╭─ Source data

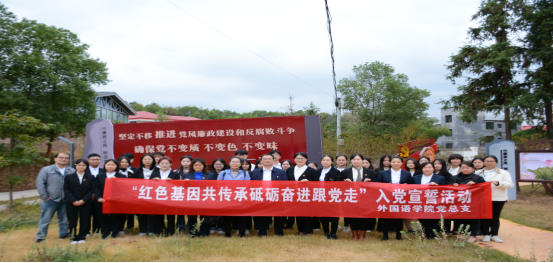 为了喜迎党的二十大胜利召开,提升党员思想意识、筑牢党员政治根基,beat365中文官方网站外国语学院党总支于10月8日前往娄底娄星区东冲村苍山居青少年教育实践基地开展入党宣誓活动。院总支委员、支部书记、辅导员及学生预备党员参加了此次活动。
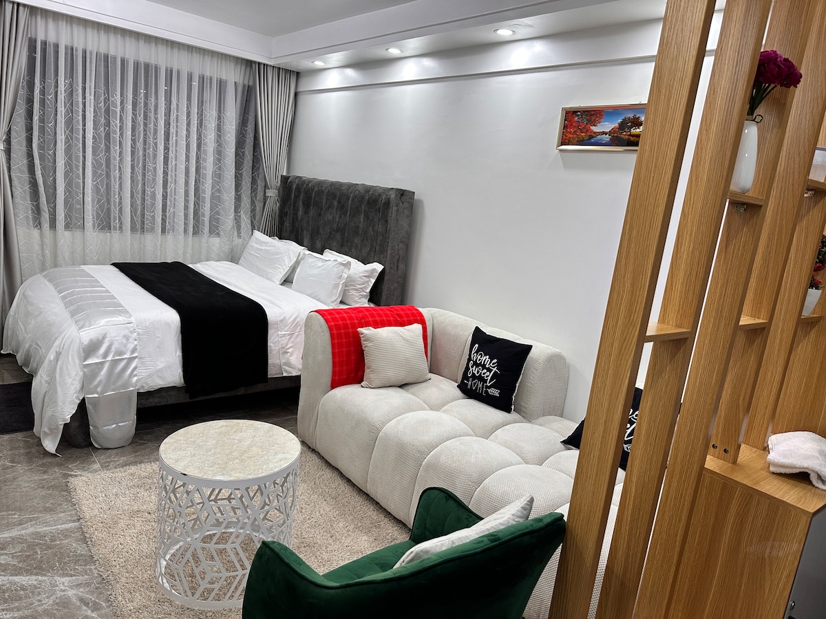 Welcome to your cozy home away from home! This modern Studio apt is located in the Heart of Kilimani offering a perfect blend of comfort for both short/ long stays with Blackout curtain’s for easy Daytime Sleep. The studio is furnished with modern furnitures and is equipped with all amenities you need for your stay. The apt offers a peaceful & private environment and it accommodates 2 pax max. The property is Fumigated to ensure it’s Mosquito free There is so much to engage around.
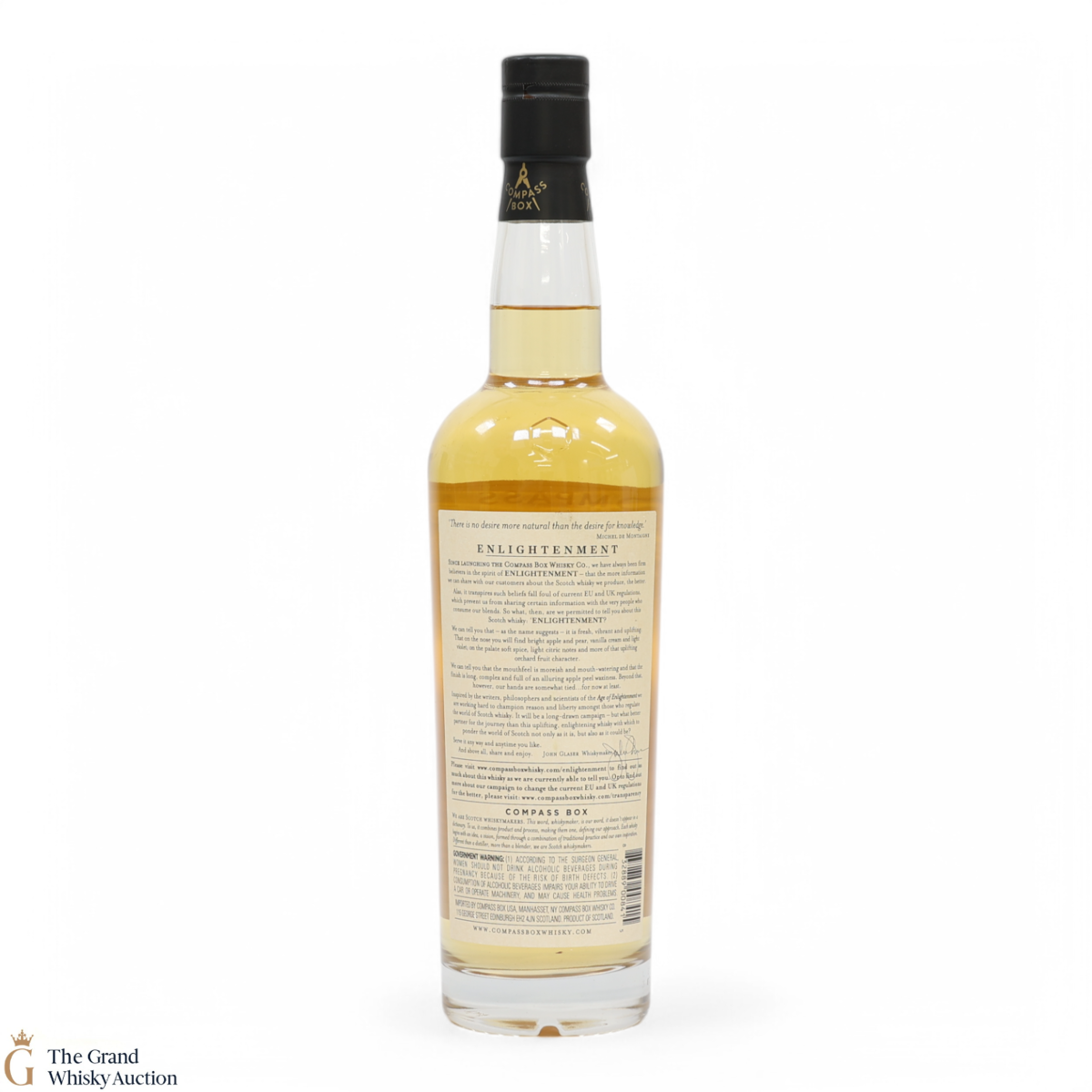 Enlightenment is a 2016 blended malt from Compass Box. A combination of whiskies aged in American-oak barrels from Clynelish, Glentauchers, Balblair and Mortlach.

╰─

**Activity**
Give back the data exactly. Pictures stay out.

**Task output**
 为了喜迎党的二十大胜利召开,提升党员思想意识、筑牢党员政治根基,beat365中文官方网站外国语学院党总支于10月8日前往娄底娄星区东冲村苍山居青少年教育实践基地开展入党宣誓活动。院总支委员、支部书记、辅导员及学生预备党员参加了此次活动。
 Welcome to your cozy home away from home! This modern Studio apt is located in the Heart of Kilimani offering a perfect blend of comfort for both short/ long stays with Blackout curtain’s for easy Daytime Sleep. The studio is furnished with modern furnitures and is equipped with all amenities you need for your stay. The apt offers a peaceful & private environment and it accommodates 2 pax max. The property is Fumigated to ensure it’s Mosquito free There is so much to engage around.
 Enlightenment is a 2016 blended malt from Compass Box. A combination of whiskies aged in American-oak barrels from Clynelish, Glentauchers, Balblair and Mortlach.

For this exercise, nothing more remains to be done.